Since moving to Atlanta a few years ago, I quickly learned that this is not a military-friendly town. That doesn't mean people aren't appreciative of the service that our military (including my husband) provide for this country. But considering there's only a Reserve base in the Atlanta metro area, few civilians are exposed to full-time military personnel. And because of that, I think they don't have a full understanding of what military service involves, especially for the families who often need the most support from their community.

Take the fact that most places of business around town that do offer a military discount only give it to the active family member. I suppose it's nice to get a couple of dollars off my husband's ticket when we go to the Georgia Aquarium, but what happens when he's away? Aren't we serving too?

I realize that's a small complaint, but here are a few experiences that have really bothered me:

1. When we first moved here, we decided to register our daughter, then 3, for preschool. We paid a hefty deposit about four months prior to the school year starting, and then learned that my husband was being activated for C-130 training in Little Rock, Arkansas. Pregnant with our third at the time, I decided that it would be best for our family to temporarily move there. In most military-savvy areas, personnel with active orders can provide such documentation to a school and gain at least a partial refund, if not a full one -- especially given that the school year was still a couple of months away and they could have easily filled the spot; it was hardly an inconvenience. On the contrary, the school refused -- keeping almost $500 of our money.

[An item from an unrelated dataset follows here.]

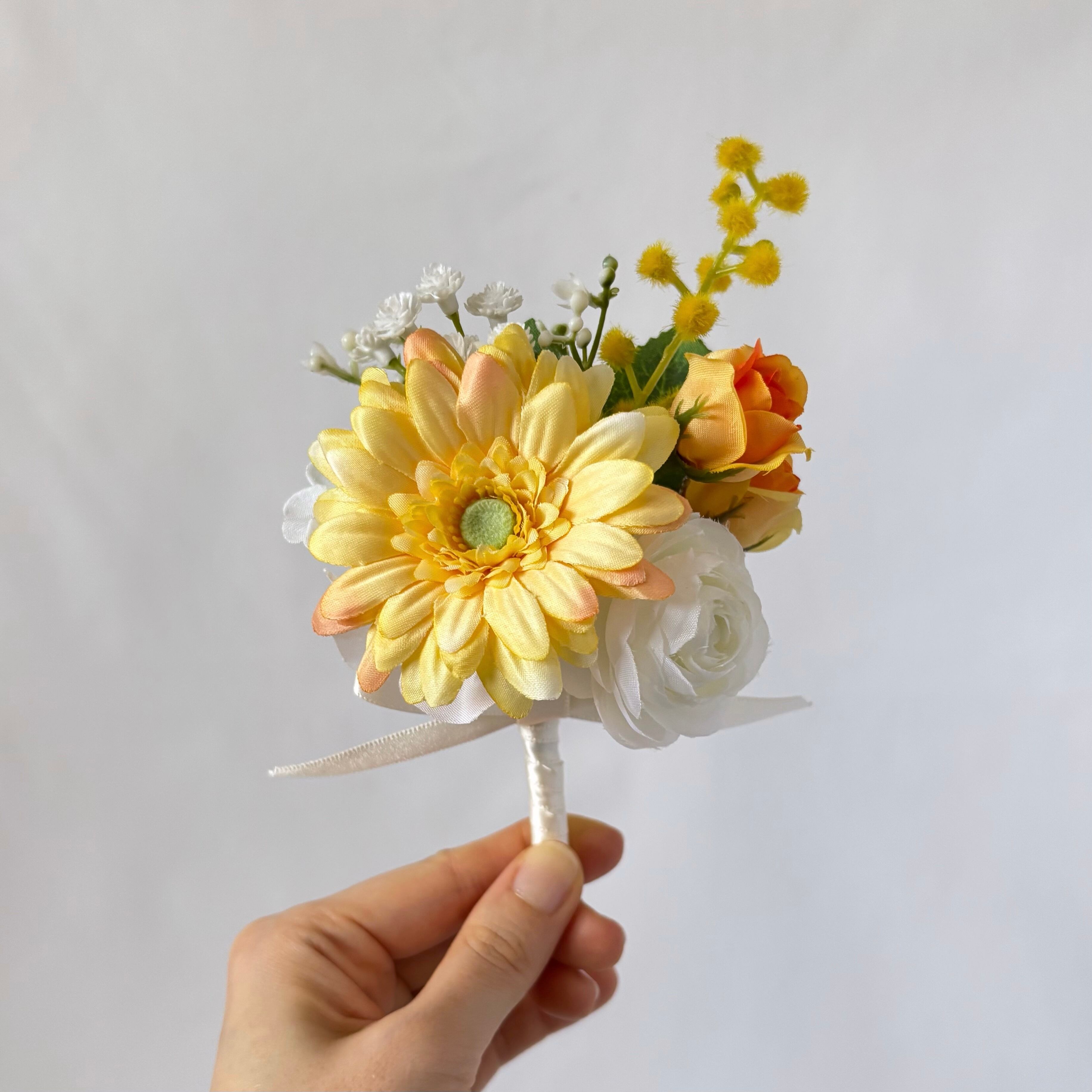 1. お揃いの花材でお作りするブートニアをお付けすることができます。

2. During my husband's 45-day deployment to Afghanistan, my daughter attended a full-day kindergarten program. Her school and teacher were aware that one of their students had a father in a combat zone, but only after my suggestion did they even think to have the class send him cards. I can't think of a better opportunity for the students to learn about everything from military service to writing a letter! And, instead of the school sending them, the teacher sent my daughter home with 15 cards for me to send myself. Unfortunately, he never got them because by the time she sent them home, he had already returned.

3. I learned that a local, family-run Christian bagel shop that I personally frequented quite often refused to offer a military discount to customers, even when one of their full-time employees' husband was deployed to Iraq. "What do they do?" an owner was overheard asking her when she mentioned that along with giving police officers a 50 percent discount on food, they should consider giving military folks a small discount to show appreciation.

None of these experiences are anywhere close to discrimination, but they certainly show a level of ignorance. I do believe that military enlisted and officers as well as their family should get special treatment. Regardless of whether they were deployed or not, their service keeps this country safe. Just because there isn't an active base around and we don't see officers day in and day out in their uniforms doesn't mean that we shouldn't be appreciative and supportive of the military. And it certainly doesn't mean we should cancel a holiday because it somehow has no meaning to us.

Here's a wild idea: If the holiday doesn't have a meaning to you or you think that it has lost its true meaning, then make it have one and find out what that meaning really was. Maybe you'll not only learn something, but you'll help someone -- some mom, some family, some kids -- out in the process.

What are your thoughts about the support of the military in this country? And if you are a military family, what have your experiences been?